Creative, inclusive, innovative: Welcome to the MakerSpace.
01.12.2022 | Mobility
A large, open industrial workshop, equipped with state-of-the-art tools and lots of space for ideas and experiments – a warm welcome to the MakerSpace Hall1. The workshop on the campus of the Westphalian University of Applied Sciences (Westfälische Hochschule) has developed into a creative hotspot where people can be found working on sustainable E-mobility solutions and green future technologies in a relaxed atmosphere.
Foundation & idea
The open high-tech workshop Hall1 was founded in 2018 by two engineers and graduates of the Westphalian University of Applied Sciences. It offers students, start-ups and also technology-inspired private individuals more than enough space to work, experiment and network over an area of some 300 m². State-of-the-art equipment, such as 3D printers and CNC milling equipment, are available to everyone. Anyone unfamiliar with this equipment will rapidly find help and support from the team in Hall1.
The project was funded to the tune of €1.7 million by the North Rhine Westphalian Ministry for Economics. The services offered by Hall1 are free to users. The Ruhr District, which has been known for centuries for its coal and ore mining, has been battling high unemployment levels and a precarious labour market for many years.
The MakerSpace is intended to help counter this: it is an easy-access gathering place at which the green technologies of the future are developed. Young students can meet up with former miners here. Both learn technical interdisciplinary skills from each other, provide mutual support, and benefit from the inter-generational and community-based wealth of knowledge. However, it is not just this guiding principle that unites the founders and self-starters – but also a passion for Cargo Bikes. They were really impressed with the Riese & Müller Load 75 HS.
Hall’s Angels
The "MC Load"
… is probably Germany’s first “High-speed Cargo Bike Club”. That is what the four team members of Hall1 call themselves – all passionate riders of Riese & Müller HS-Loads.

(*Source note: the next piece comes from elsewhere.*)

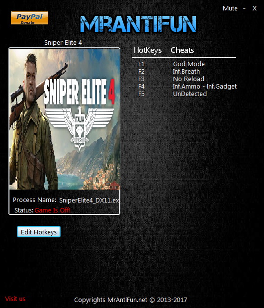 狙击精英4六项修改器[MrAntiFun] v1.52 免费版 狙击精英4六项修改器是专为《狙击精英4》游戏玩家们所准备的游戏修改工具。该工具拥有上帝模式、锁定心率、无需装弹等多项功能,有需要的玩家千万不要错过。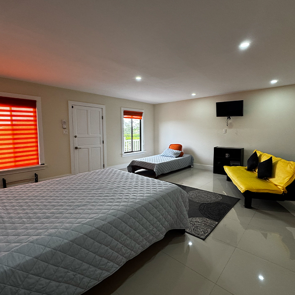 Nuestras instalaciones cuentan con un apartamento de dos pisos, en el primer nivel se encuentran las facilidades de inodoro y ducha y en el segundo nivel, una amplia habitación para el descanso de nuestros visitantes.

They know every component of their Cargo Bikes and do not shy away from transporting bulky goods or long trips – for instance to get Fair Trade chocolate from Amsterdam.
This project is all about chocolate transported emission-free from the bean to the supermarket shelf: a freight ship transports the cocoa beans from South America to Amsterdam, where they are then processed into chocolate in a solar-powered factory. From there, the chocolate is then transported by bike.
Before the outbreak of the corona virus pandemic in the spring of 2020, around 200 cyclists picked up the chocolate in Amsterdam and transported it to their home regions. During the pandemic, smaller task forces took over the border crossing and transport to Germany, carrying as much as they could. The Hall1 team rode on their Cargo Bikes fitted with trailers to Amsterdam and transported 300 kg of chocolate climate-neutrally to the Ruhr region, where it was distributed in the MakerSpace.
Sunshine Jenny
The solar catamaran
… is an approach that could shift some freight transport from roads to inland waterways. The photovoltaic-powered floating drone is designed to be a precursor to stand-alone inland navigation on canals. Among other things, the solar catamaran could be used for small-scale parcel delivery. Testing of the prototype ended positively and “Sunshine Jenny” can now be transferred to a larger development stage.
Nature meets high-tech
The plant cabinet
… was developed in Hall1 and designed as a teaching kit for schools. It is intended to address the STEM subjects (Science, Technology, Engineering and Mathematics) in a cross-disciplinary manner. Students can change different environmental parameters (light spectrum / intensity, irrigation, nutrients, temperature) in the cabinet and program their own controls. A digital community platform is also used to encourage dialogue with other project groups. Competitions foster the scientific work in a fun way, at the same time exploring the conditions under which the plants thrive best.